___ Data below ___
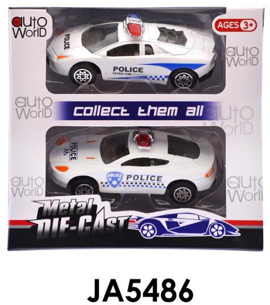 Fém rendõrautó, 2 db, 4 féle, 13x12 cm dob
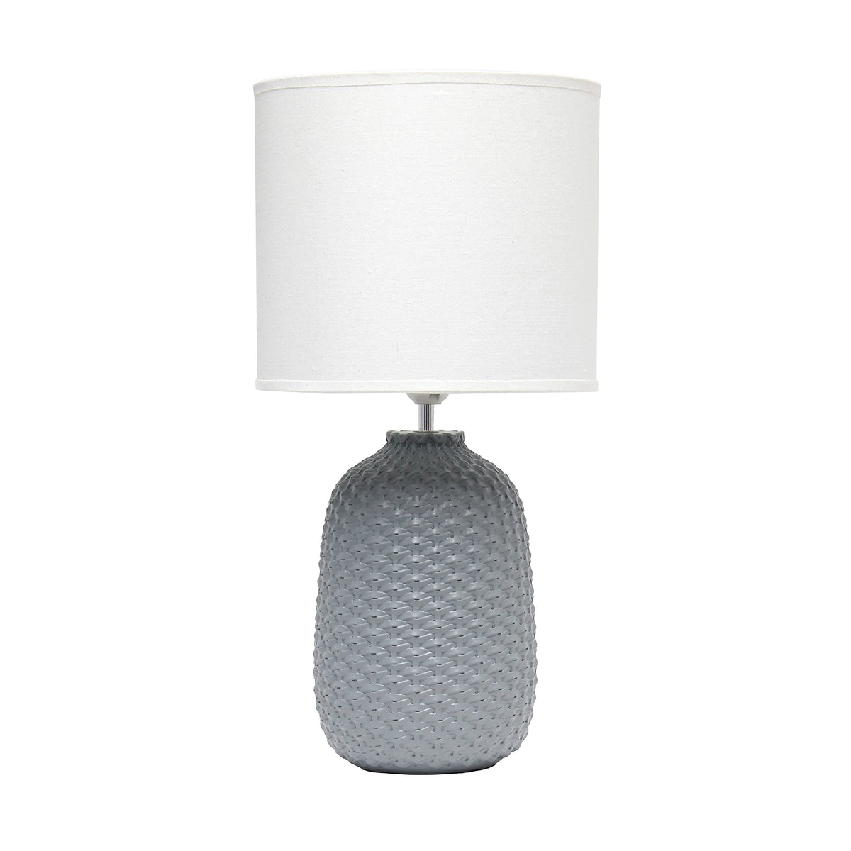 Illuminate your space with the Simple Designs Ceramic Table Lamp, a perfect blend of traditional elegance and modern flair. This beautifully textured oblong lamp base, crafted from high-quality ceramic, is available in a variety of colors, making it a versatile addition to your home décor. Paired with a stylish white drum fabric shade, this lamp not only enhances your lighting but also serves as a chic statement piece in any room.
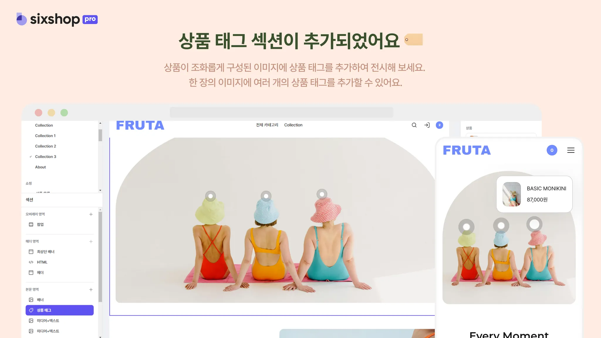 상품 태그 섹션은 식스샵 프로에서만 제공하는 유니크한 기능이에요.
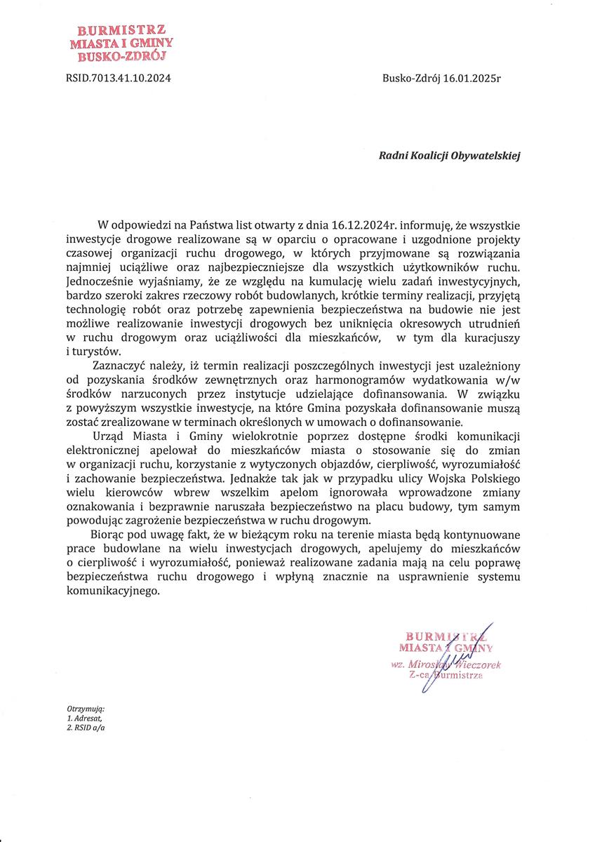 Odpowiedź Burmistrza Buska-Zdroju znak: RSID 7013.41.10.2024 z dnia 16.01.2025 na List otwarty z dnia 16.12.2024 Radnych z Koalicji Obywatelskiej:
___
- _Instructions for the task_:
Return the material exactly as given above, picture-free.

- _Written solution_:
 Fém rendõrautó, 2 db, 4 féle, 13x12 cm dob
 Illuminate your space with the Simple Designs Ceramic Table Lamp, a perfect blend of traditional elegance and modern flair. This beautifully textured oblong lamp base, crafted from high-quality ceramic, is available in a variety of colors, making it a versatile addition to your home décor. Paired with a stylish white drum fabric shade, this lamp not only enhances your lighting but also serves as a chic statement piece in any room.
 상품 태그 섹션은 식스샵 프로에서만 제공하는 유니크한 기능이에요.
 Odpowiedź Burmistrza Buska-Zdroju znak: RSID 7013.41.10.2024 z dnia 16.01.2025 na List otwarty z dnia 16.12.2024 Radnych z Koalicji Obywatelskiej:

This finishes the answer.